In summary, current evidence suggests that several major inflammatory signaling pathways are constitutively active in IBC and breast cancer. Among them, the NF-κB, COX-2, and JAK/STAT signaling systems seem to play a major role in the tumorigenesis of IBC. Blocking these pathways may prove to be a promising therapeutic strategy owing to their multiple roles in promoting cancer cell survival and metastasis.

3.3 Role of Inflammatory Molecules in the Development of IBC: Evidence From In Vitro Studies

3.3.1 Role of Inflammatory Molecules in Malignant Transformation

Accumulating DNA mutations play a causal role in the process of malignant transformation. Oncogenic insults may result in activation of oncogenes, loss of tumor suppressor genes, or the constitutive activation of membrane receptors or lead to the alteration of critical cellular processes such as the cell cycle or apoptosis (Hanahan and Weinberg 2000). In this setting, inflammation may contribute to carcinogenesis through the activation of the DNA damage response system in response to major oncogenic insults (Martin et al. 2011; Hartman et al. 2011). Moreover, viral infections, such as human papillomavirus (HPV), whose genome has been detected in breast cancer tissue, may also cause DNA damage, resulting in activation of the DNA damage response pathway, and stimulate the formation of a pro-inflammatory tumor microenvironment (Moody and Laimins 2009; Kan et al. 2005).

Interleukin-6 (IL-6), which is overexpressed in the SUM149 preclinical model of IBC (Golen et al. 2000), plays a potent role in malignant transformation. IL-6 was able to convert a non-transformed mammary epithelial cell line (MCF-10A) to the transformed state in 24–36 h (Iliopoulos et al. 2009, 2010).

Additionally, HER2 overexpression, which is known to occur in up to 60 % of IBC tumors and 25 % of non-IBC tumors, is associated with poor outcome (Guerin et al. 1989; Kallioniemi et al. 1991). HER2 amplification was associated with marked increase in IL-6 in breast cancer cells and induced STAT3 activation, suggesting a HER2-IL-6-STAT3 signaling pathway could play a critical role in tumorigenesis (Hartman et al. 2011).

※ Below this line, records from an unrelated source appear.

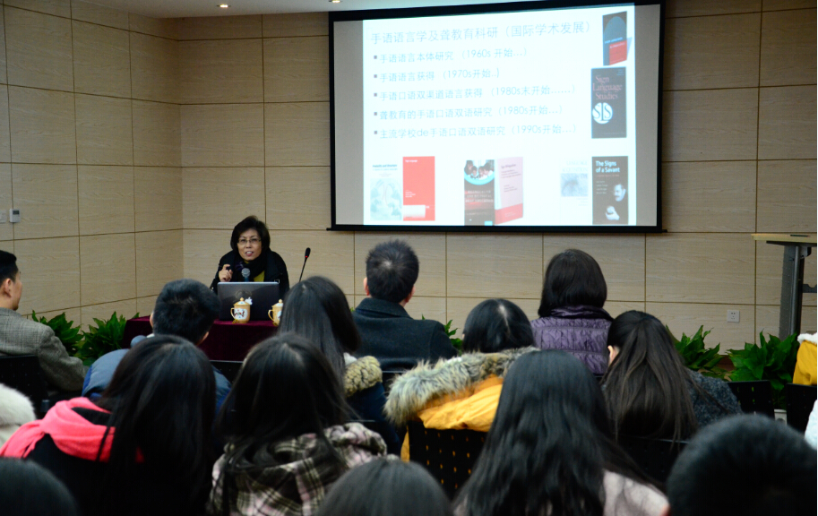 邓慧兰教授的“手语研究与培训”主题给在场的相当一部分师生带来了对语言学研究的很多新认识。。邓教授是香港中文大学手语及聋人研究中心的主任,她自上世纪90年代便开始从语言学的角度研究香港手语及聋童的学习情况,更专门为聋人学生设立了手语研究及手语教学的文凭和高级文凭培训课程,使他们具备了报考大学的资格。邓教授系统地讲解了香港手语的研究背景与愿景,以及手语语言学的应用,为在场的语言学习者和研究者开拓了新的思考空间。
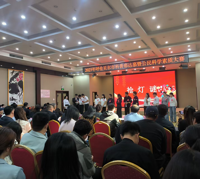 为深入贯彻落实习近平总书记关于科技创新、科学普及和科学素质建设的重要论述,贯彻铸牢中华民族共同体意识,持续深化“感党恩 听党话 跟党走”群众教育,深入实施全民科学素质行动,在中华人民共和国成立76周年来临之际,9月26日,呼伦贝尔市科协与市科技馆联合主办了全国科普月系列活动——2025年呼伦贝尔市“科普那达慕”暨公民科学素质大赛,来自全市13个旗市区52名选手参赛,市“8+6党建聚力工程”成员单位、海拉尔区教研中心、守望相助结对帮扶雅尔塞嘎查,“双报道 双服务 双报告”共建社区和呼伦贝尔市中心城新区、海拉尔区、鄂温克旗的各中小学、社区、企业代表,各学会、科技小院、科普信息员、科技志愿者代表等200余人现场观赛。
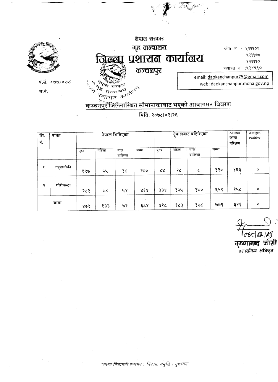 मिति २०७८।०२।२६ गते सीमानाकाबाट भएको आवागमन विवरण ।
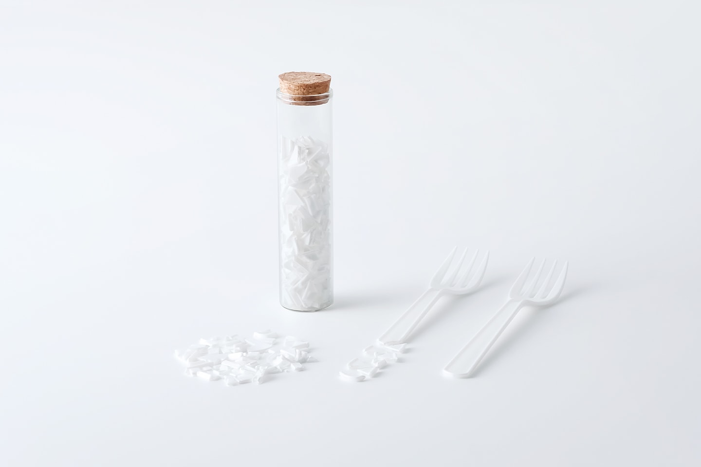 使い捨てのプラスチックフォークを破砕し、バージン材と混ぜ合わせてペレット化しました。
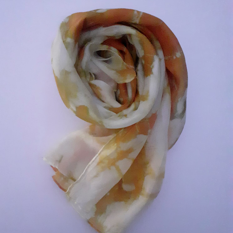 Fulard de seda pintat a mà de 150×45 amb la tècnica japonesa de Shibori.
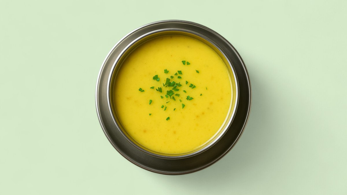 gewürzte Dickmilch mit Kumin und Kichererbsenbällchen
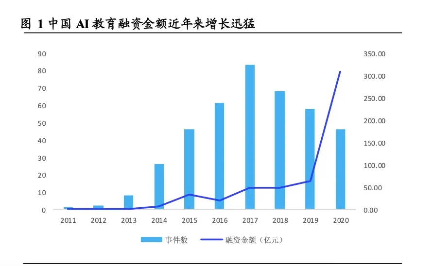 也是在2020年,国内AI教育公司融资额超过300亿元,创下10年新高。几年前的暑期大战,记忆犹在。

On the other hand, cancer stem cells (CSCs), also known as tumor-initiating cells, are highly tumorigenic cells and are enriched in IBC tumors as well as in preclinical models of IBC (Laere et al. 2010; Charafe-Jauffret et al. 2010; Xiao et al. 2008). IL-6 acts as a growth factor for CSCs and is sufficient to convert non-stem cancer cells to CSCs (Iliopoulos et al. 2011). IL-6 gene expression was found to promote self-renewal, as well as invasive potential, in both normal and MCF-7-derived spheroids (Sansone et al. 2007). IL-6 is also at the center of epigenetic regulation of stem cells (D’Anello et al. 2010; Hodge et al. 2005). IL-6 thus plays a critical role in mediating the epigenetic switch that involves NF-κB and STAT3 and links inflammation to cell transformation (Iliopoulos et al. 2009, 2010).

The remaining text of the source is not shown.